On the top of a panoramic hill stands the Fortified Saxon Church of Viscri, one of the most picturesque churches of Transylvania. The historical setting of the structure awaits its visitors to narrate the centuries of existence lived in a community of Saxons came here from the distant regions of the Rhine and Moselle for the order of King Béla II of Hungary during the 12th century.
On the place of the fortified church, in the 12th century, there was a chapel without tower built by the Székelys, with the circular apse oriented to the east and surrounded by a moat of land specifically for Bjelo-Brdo culture. Like all fortified churches, the church of Viscri is specifically dedicated to religious worship and the military defence of the community. Given the great number of invasions in the Middle Ages, Transylvania has more than 200 fortified churches with an architecture adapted to the needs of the war.
The architectural complex consists of the fortified church and by two fences of defense, of which only one has passed the test of time. The church consists of a trapezoidal nave, disposed on two levels. The access in the church is realized on the south side while the altar is oriented to the east, dominated by a picture signed by Pankratz, a painter of Rupea, containing the image "Let the children come to me".
The main attraction of the church is the baptism jar, made from a stone of a Roman capital of the 13th century positioned on a column belonging to the former chapel of the 12th century. The walls and furniture are painted according to the traditions of the place, while the pulpit canopy is circumscribed to a popular Baroque style of 1791. The organ was installed above the altar in 1723 and it was purchased for 145 guilders.
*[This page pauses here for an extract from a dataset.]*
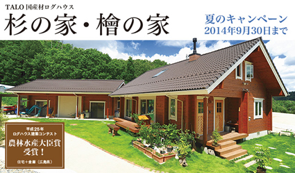 良質な国産杉・国産檜をJAS認定工場で加工しているTALO国産材ログハウスを期間限定特別価格でご提供!

There is also a museum with many interesting objects that reveals aspects of the Saxons community life in Viscri, such as clothes, chests of craftsmen with various tools, furniture, and many other stories. And according to the customs of those times it could not miss the room of lard, an ancient custom of the Saxons who worked until the '90s.
Since 1999, the fortified church of Viscri, along with the village Viscri, was included on the list of UNESCO monuments, such as "fortified churches of Transylvania", making it a special destination to visit in the heart of Transylvania.